Industrial controls and variable-bias circuits sometimes require the services of voltage-to-resistance converters. But they can be difficult to implement. The simple approach shown in the figure builds such a converter with two identical digital potentiometers.
Digital potentiometer U1 and comparator U3 form a digital track-and-hold circuit, in which U1 adjusts its internal voltage divider to make VWIPER track VIN. Therefore, wiper resistance is proportional to VIN. Because the digital inputs of U1 and U2 are connected together, U2 and U1 have the same wiper positions and the same resistances between corresponding terminals. Thus, the output resistance is proportional to VIN, as required for voltage-to-resistance conversion.
Operation of the digital track-and-hold is as follows: To track VIN, the wiper (center tap) of digital potentiometer U1 moves up or down as each clock pulse arrives. Comparator U3 compares the analog input (VIN) with the wiper voltage (VWIPER).
If VIN > VWIPER, the comparator asserts logic high, causing the wiper position to move up and increase the value of VWIPER. VWIPER keeps increasing until it's greater than VIN. Then the comparator toggles and drives the wiper position downward. On each clock cycle, the wiper moves up or down as required to track VIN. Reference inputs for the voltage divider (VH and VL) set the input voltage range: If the VIN range is 0 to 5 V dc, set VL = GND and VH = 5 V dc.
Because U1 and U2 are identical and their digital inputs are connected together, their wiper positions are the same. Applying a logic Low to the LOCK input allows the output resistance to change with VIN, while applying a logic High holds the resistance value indefinitely.
LOCK may be connected permanently to ground. In that case, though, the output resistance toggles continually between two consecutive states, even if VIN is constant. For example, if the potentiometer is 10 kΩ and you set the wiper to 5 kΩ, the output resistance will toggle between 5.0 and 5.3125 kΩ on every clock cycle. If necessary, you can filter that effect by connecting a capacitor to the output wiper. A clock frequency between 100 Hz and 10 kHz is acceptable.

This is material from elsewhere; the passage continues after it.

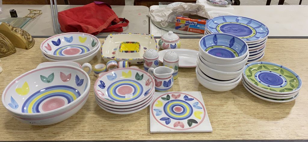 Italian "Claudio" Stoneware Pottery Set, chip & dip, serving bowls, napkins rings, salt & pepper, creamer, sugar, dinner plates, salad plates, bowls, hot plate. Italian "Claudio" Stoneware Pottery Set, chip & dip, serving bowls, napkins rings, salt & pepper, creamer, sugar, dinner plates, salad plates, bowls, hot plate.

Output resistance doesn't change instantly with VIN, but it takes a number of clock cycles to reach its final value. The number of cycles (32 max) depends on the initial wiper position and the input voltage.
If higher resolution is needed, substitute a 6- or 8-bit digital potentiometer for the 5-bit model shown. Choose a digital pot that has a known state at power-up. Note that the MAX5160 has a power-up reset that sets the wiper position to mid-scale, enabling the two digital pots to synchronize to the same resistance.